# Introduction to Data Science

Authors: Jo Ciucă (ANU) 

In the first part of the Tutorial, we introduce the Python-based Data Science library Pandas and demonstrate some of its functionality by examining Pandas' main data structure, the DataFrame. In the first part (~45 mins/1 hr), we focus on the essentials of "data hacking" of loading, cleaning, exploring and visualising the data. For the second part, we employ what we learnt previously on a test case of exploratory data analysis. 
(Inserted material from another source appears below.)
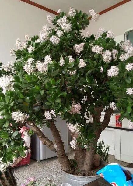 玉树喜光,在光照充足的环境下,枝干粗壮,老化成木质,叶片肥厚,油亮有光泽,不徒长,而且株龄达到5年左右,就具有开花的能力,多晒并适量的控水,能促进它开花,它的花期和长寿花相似,一般在冬春时节,盛开之后,满树繁花,是真正的“玉树琼花”,美丽又吉祥。

By the end of this notebook, we should be comfortable with the following:

1. **Primer of Pandas**: Data structures, Data I/O
2. **DataFrame Magic**: summary stats, sorting, iterating/selecting/changing rows and columns
3. **Advanced Pandas Techniques**: Filtering, Merging and joining, Grouping and Aggregating, Conditional Changes
5. **Data Visualisation with Pandas**: scatter plots, histograms, line plots, bar plots, more advanced techniques with Seaborn and/or Matplotlib
4. **Exploratory Data Analysis test case** 

With that in mind, let's get some pandas. 

In [8]:
from IPython.display import Image
Image('ds_insights.jpeg', width=600)

<IPython.core.display.Image object>

## Primer of Pandas:
* Pandas Building Blocks: The Series, DataFrame and Index 
* Loading and reading a data file into a DataFrame
* Wrangling a nasty file
* Writing a DataFrame to file 

In [8]:
# create a pandas series from a list
import pandas as pd
import numpy as np

s = pd.Series([1,3,5,7,9])

# create a pandas series from a dictionary
d = {'a': 1, 'b': 3, 'c': 5, 'd': 7, 'e': 9}
s = pd.Series(d)

#create a pandas series from a numpy array
import numpy as np
a = np.array([1,3,5,7,9])
s = pd.Series(a)

s

0    1
1    3
2    5
3    7
4    9
dtype: int64

In [21]:

# extracting a value from the series

# extract the value at index 0
s[0]
s.iloc[0]
s[0] == s.iloc[0] #integer location

#how about when we have strings as the index? We can use a label based location by calling s.loc[label] instead of s[label]
s = pd.Series([1,3,5,7,9], index=['a','b','c','d','e'])
s.index.name = 'ID'
s.name = 'Cats'

s

s.iloc[1] 

3

In [23]:
s.loc['b'] #label based location
s['b']

3

In [44]:
# let's create a pandas dataframe from a dictionary consisting of cats and dogs columns 
d = {'cats': [1,3,5,7,9], 'dogs': [2,4,6,8,10]}
df = pd.DataFrame(d)

# another way to create a dataframe

cats = pd.Series([1,3,5,7,9], name='cats')
dogs = pd.Series([2,4,6,8,10], name='dogs')
df = pd.concat([cats, dogs], axis=1)

df

birds = pd.Series([1,3,5,7,9], name='birds')
#add birds to df
new_df = pd.concat([df, birds], axis=1)
new_df

# Q: What happens if birds has suddenly become a pandas series with 6 elements instead of 5? How will the new_df look like?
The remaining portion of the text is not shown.